Singapore tightens rules for expat workers with an eye on local discontent
One of the world’s most open economies is attempting a delicate balancing act.
On the one hand, the Southeast Asian city-state wants to lure the world’s best and brightest to bolster its workforce, one of Asia’s most diverse.
On the other hand, it has to assure locals competing with foreigners for jobs that the system works for them, too, nipping potential resentment or xenophobia in the bud.
From next year, the government will tweak that calculus in favour of locals by raising the salary threshold for foreigners seeking approval to work in the city-state.
Last month, Singapore’s Ministry of Manpower announced that new applicants for the Employment Pass (EP) system will have to earn at least 5,600 Singapore dollars ($4,140) per month, up from 5,000 Singapore dollars ($3,700).

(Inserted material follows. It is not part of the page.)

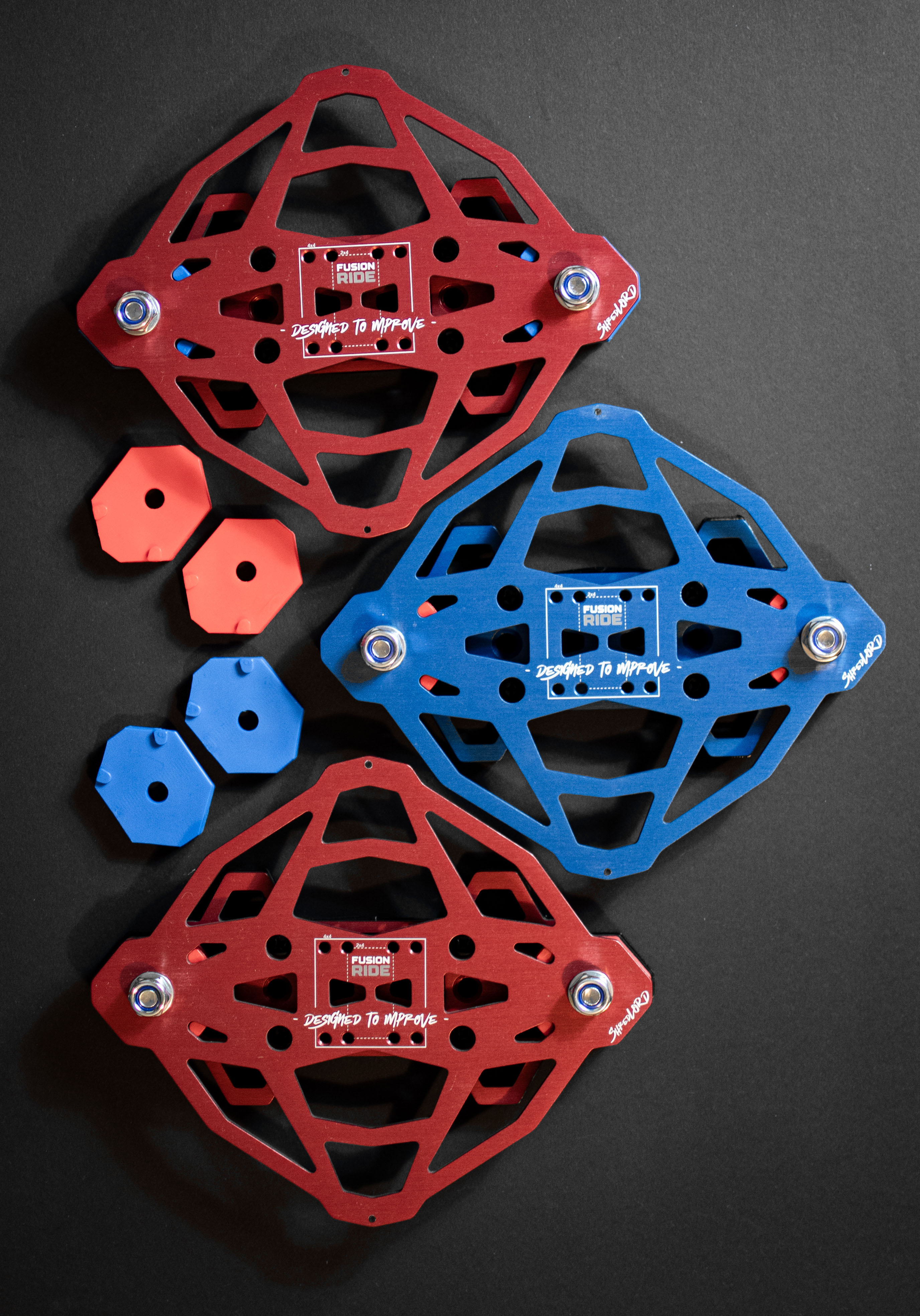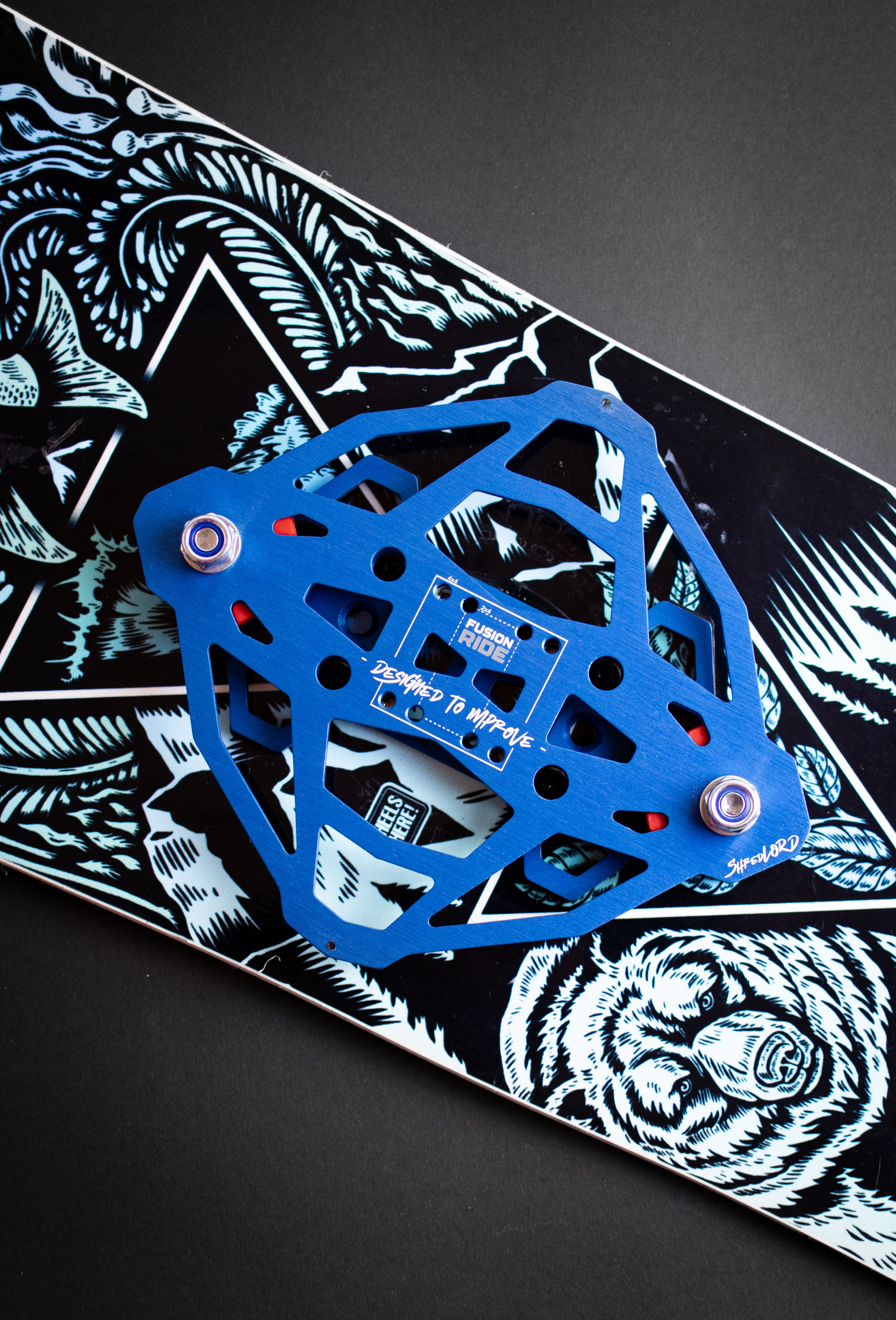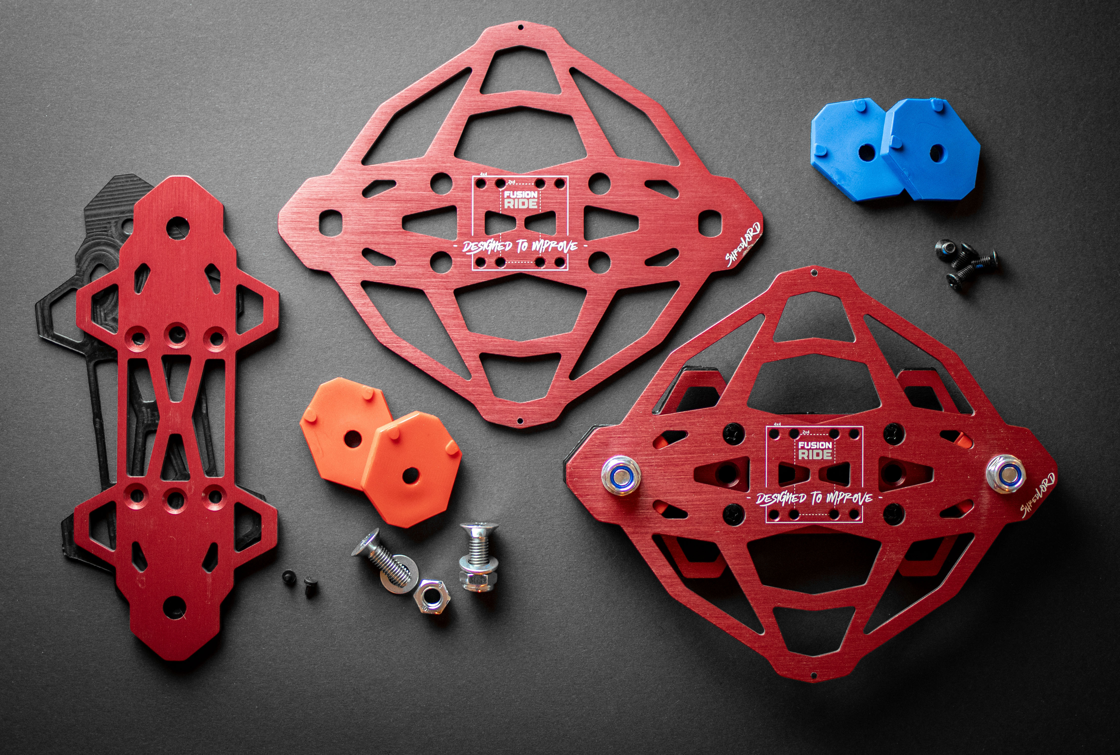 Customization is built into the system. Each unit includes anodized metal plates in multiple color options and tunable polyurethane bushings, enabling riders to tailor both the aesthetic and responsiveness of their boards.

Applicants working in the financial services sector will have to earn at least 6,200 Singapore dollars ($4,600), compared with 5,500 Singapore dollars ($4,100) at present.
“By regularly updating the qualifying salaries based on the set wage benchmarks, we ensure a level-playing field for locals,” Manpower Minister Tan See Leng told parliament during a budget debate.

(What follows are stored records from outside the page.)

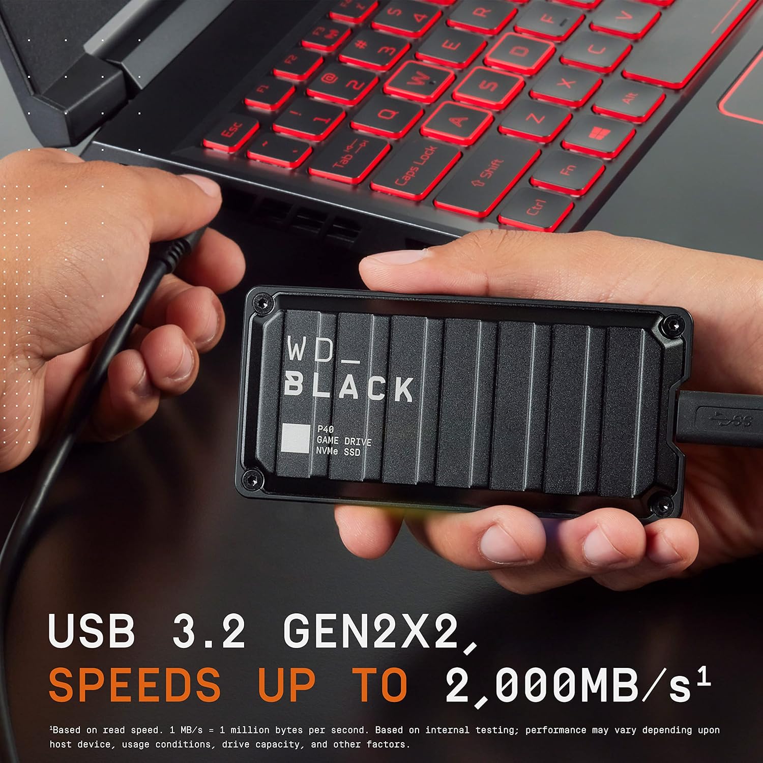 با رابط USB 3.2 Gen2x2 و سرعت تا 2000 مگابایت بر ثانیه، بارگذاری را به overdrive منتقل کنید. (بر اساس سرعت خواندن. 1 مگابایت بر ثانیه = 1 میلیون بایت در ثانیه. بر اساس آزمایش داخلی؛ عملکرد ممکن است بسته به دستگاه میزبان، شرایط استفاده، ظرفیت درایو و سایر عوامل متفاوت باشد.)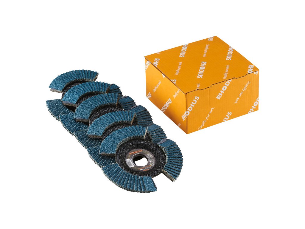Die Fächerschleifscheibe ist in den Durchmessern 115 mm und 125 mm erhältlich sowie je nach Ausführung mit den FEPA-Körnungen 40, 60 und 80.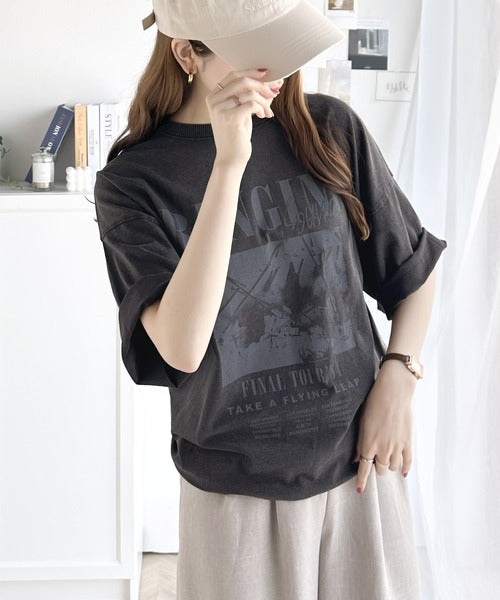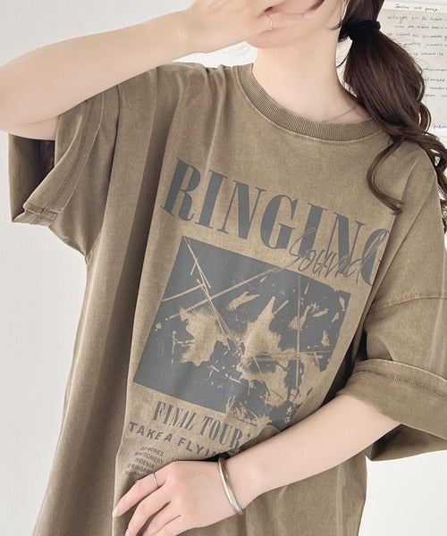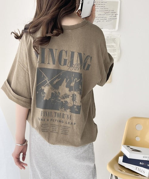 インパクトのあるプリントが魅力。綿100% 前後2wayアシッドウォッシュ 大人のロックバンドT ce1260145
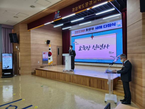 경상북도문경교육지원청(교육장 김현오)은 1월 2일(월) 교육지원청 대회의실에서 전 직원이 참석한 가운데 2023년 계묘년 새해를 맞아 새해 다짐식 및 반부패 청렴서약식을 실시했다.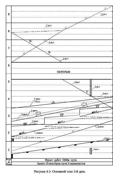 Таблица 4.1. Ведомость затрат труда по техническим нормам (фронт работ 1600м)
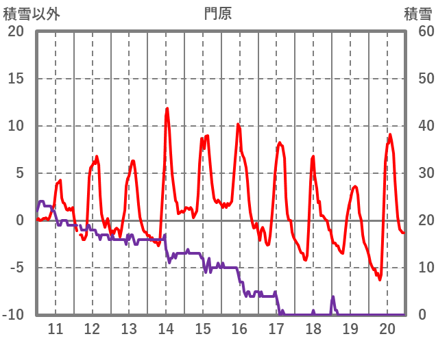 | 日 | 時 | 気温 | 降水 | 風向/風速 | 日照 | 積雪 | 降雪 |

Analysts said the changes were not surprising for a government that has regularly tweaked the rules for expat workers, most recently in September 2022, when it raised the salary threshold by 500 Singapore dollars ($370).
Walter Theseira, an associate professor and labour economist at the Singapore University for Social Sciences (SUSS), said the move had been “telegraphed [for] a number of years”.

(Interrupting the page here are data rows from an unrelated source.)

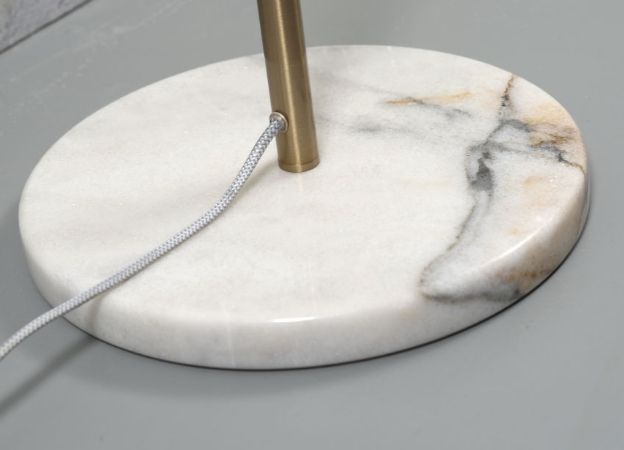 Als relatief zwaar materiaal is marmer voorbestemd voor de basis van de armatuur. Als elegante basis biedt het een podium voor andere materialen die gebruikt zijn in het frame en de kap. Van stoffen kappen en metalen frames tot opaalglazen bollen of rookglazen bollen, er zijn veel verschillende combinaties mogelijk.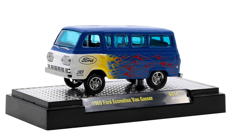 1965 Ford Econoline Van Gasser Features and Details: • Gassers Release 14 • The body is heavy blue metallic • The interior is black • The glass is clear blue • Limited Edition This is a genuine M2Machines product.
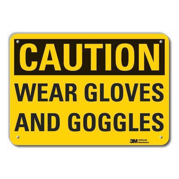 Reflective Eye & Hand Caution Sign, Vertical Rectangle, Number of Printed Sides 1, English, Sign Format Traditional OSHA, Sign Legend Wear Gloves And Goggles, Sign Legend Background Color Yellow, Sign Legend Style Text

Theseira said that while the EP system was originally intended to import highly-skilled workers to fill gaps in the workforce, “the criteria seemed to have expanded and EP holders became more prevalent in the middle of the market as well”.“This was perceived by local workers to be unwelcome competition for jobs that many skilled locals could do, so the government responded by re-calibrating the EP again upwards, so that based on salaries, it now targets more clearly the high-end,” he said.
For decades, Singapore, an island with no natural resources that is about the size of New York City, has built its reputation on an openness to foreign talent.
The number of EP holders has grown substantially over the years, fuelled in part by anxiety over the country’s rock-bottom birthrate and greying population.
As of December last year, there were about 205,400 EP holders in the city, up from 161,700 during the same month in 2021.
As far back as 2021, Tan acknowledged that Singaporeans, though recognising the need to attract foreign talent, had concerns that the influx came at the “expense” of local businesses.
A labour market report released by the Manpower Ministry last month showed that employment growth in 2023, comprising 88,400 positions in Singapore – excluding migrant domestic workers – was largely made up of foreigners.
The revision of the EP qualification criteria can be seen as “a strategic move” to appease age-old tensions over hiring foreign talent amid a crowded job market, said Joshua Yim, the CEO of Achieve Group, a talent acquisition consultancy.
The changes also come as the Southeast Asian country is gearing up for one of the most politically significant transitions in its history.
Singapore’s ruling People’s Action Party is set to fight the next general election, due by 2025, under new leadership as incumbent Prime Minister Lee Hsien Loong prepares to step down after some two decades in office.
The issue of foreign workers became salient in the 2011 general election, when public discontent simmered over rising competition for jobs and increasing pressure on public infrastructure.